Ritesh Thawkar
2025
Time Travel: A Comprehensive Benchmark to Evaluate LMMs on Historical and Cultural Artifacts
Sara Ghaboura
|
Ketan Pravin More
|
Ritesh Thawkar
|
Wafa Al Ghallabi
|
Omkar Thawakar
|
Fahad Shahbaz Khan
|
Hisham Cholakkal
|
Salman Khan
|
Rao Muhammad Anwer
Findings of the Association for Computational Linguistics: ACL 2025
Understanding historical and cultural artifacts demands human expertise and advanced computational techniques, yet the process remains complex and time-intensive. While large multimodal models offer promising support, their evaluation and improvement require a standardized benchmark. To address this, we introduce TimeTravel, a benchmark of 10,250 expert-verified samples spanning 266 distinct cultures across 10 major historical regions.
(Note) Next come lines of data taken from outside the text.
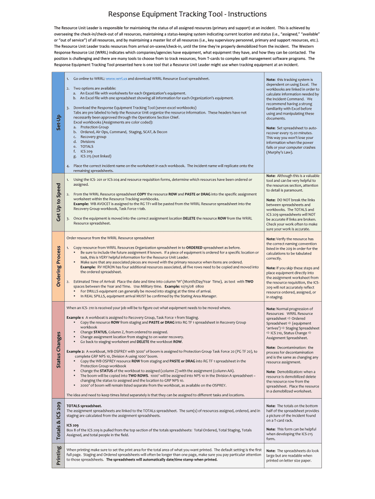 The? Resource? Unit? Leader?is?responsible?for?maintaining?the?status?of?all?assigned?resources?(primary?and?support)?at?an?incident.?? This?is?achieve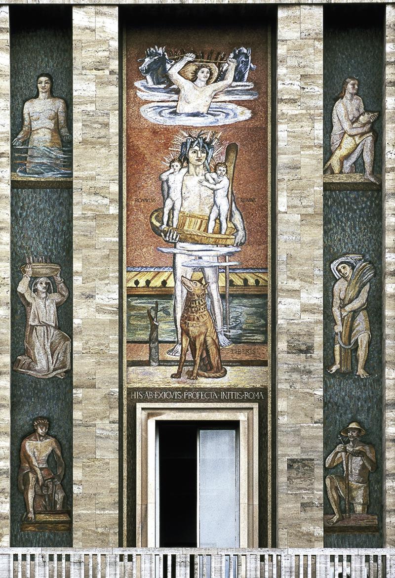 Nella nuova sistemazione dell’area, l’edificio romano conquista il centro di una piazza concepita come un moderno foro romano dotato di porticati che ospitano attività commerciali, uffici pubblici e sale di spettacolo. Coinvolto nella decorazione della facciata principale dell’edificio più importante della piazza, Ferrazzi propone la sua personale rivisitazione del mito delle origini di Roma, utilizzando, per abbattere i costi di produzione, la tecnica del mosaico in luogo della tarsia marmorea originariamente prevista.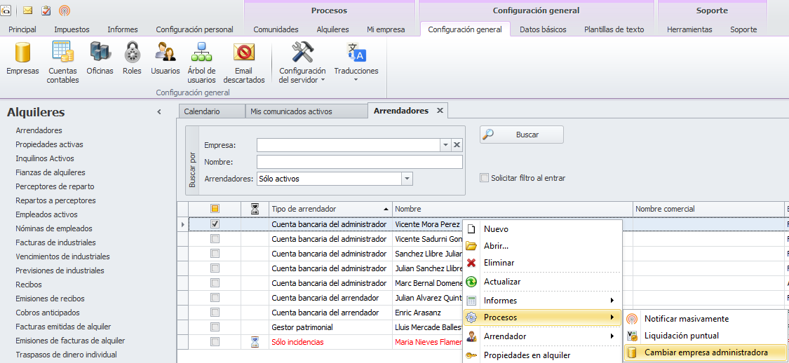 Para cambiar la empresa administradora de un arrendador, haga clic derecho sobre dicho arrendador y escoja Procesos y Cambiar empresa administradora.
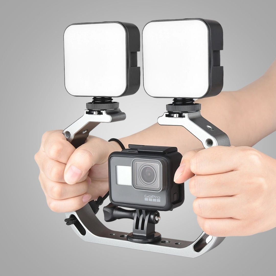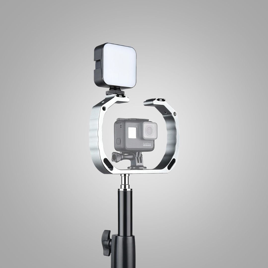 Comprend deux supports de griffe pour lampe LED GoPro, microphone, moniteur et autres équipements. Fonctionne bien avec la super combinaison GoPro (non incluse). Comprend un filetage 1/4" et un adaptateur de montage Action Cam, plusieurs filetages 1/4" et 3/8" sont conçus en bas pour monter d'autres accessoires, vous offrant une expérience de prise de vue plus pratique.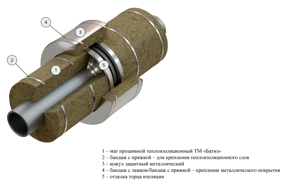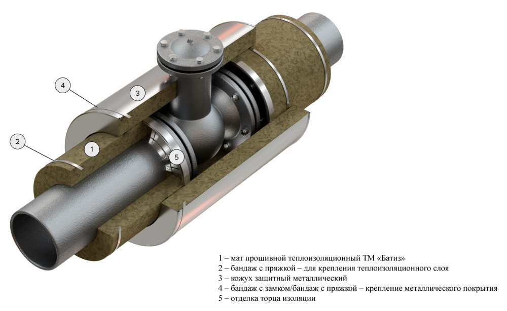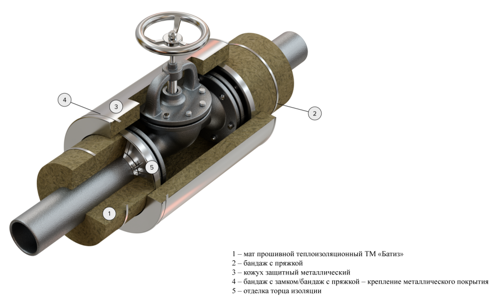 Возможно использование матов ТМ «БАТИЗ» в составе полносборных теплоизоляционных конструкций для изоляции арматуры и фланцевых соединений (футляров или полуфутляров).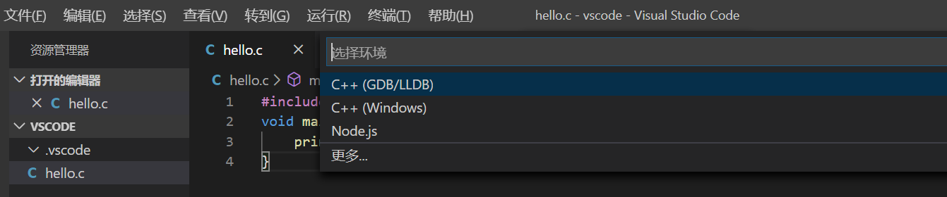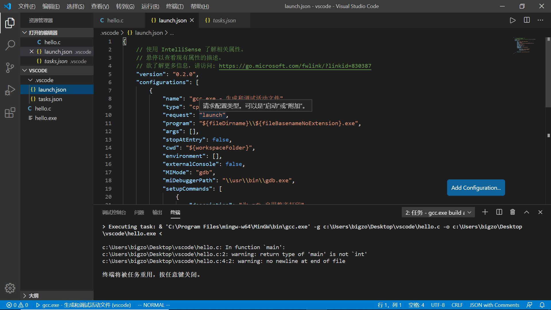 新建文件夹,创建helloworld.c文件,编辑代码,F5调试,vscode会自动创建launch,json文件以及tasks.json文件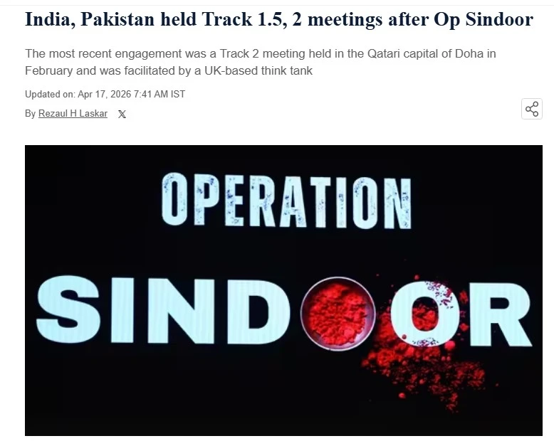 অপারেশন সিঁদুরের পর গত বছর পাকিস্তানের সঙ্গে গোপনে বৈঠক করেছে ভারত। সংশ্লিষ্ট সূত্রের বরাতে হিন্দুস্তান টাইমসের এক খবরে বলা হয়, ২০২৫ সালের মে মাসে ভারত-পাকিস্তান যুদ্ধের দুই মাস পর দুই দেশের কৌশলবিদ, সংসদ সদস্য এবং সাবেক কূনীতিকরা একাধিক আধা-আনুষ্ঠানিক এবং অনানুষ্ঠানিক বৈঠকে মিলিত হন। প্রতিটি বৈঠক অত্যন্ত গোপনীয়তা মেনে আয়োজন করা হয়।

Designed for AI-driven analysis of manuscripts, artworks, inscriptions, and archaeological discoveries, TimeTravel provides a structured dataset and robust evaluation framework to assess AI models’ capabilities in classification, interpretation, and historical comprehension. By integrating AI with historical research, TimeTravel fosters AI-powered tools for historians, archaeologists, researchers, and cultural tourists to extract valuable insights while ensuring technology contributes meaningfully to historical discovery and cultural heritage preservation. We evaluate contemporary AI models on TimeTravel, highlighting their strengths and identifying areas for improvement. Our goal is to establish AI as a reliable partner in preserving cultural heritage, ensuring that technological advancements contribute meaningfully to historical discovery. We release the TimeTravel dataset and evaluation suite as open-source resources for culturally and historically informed research.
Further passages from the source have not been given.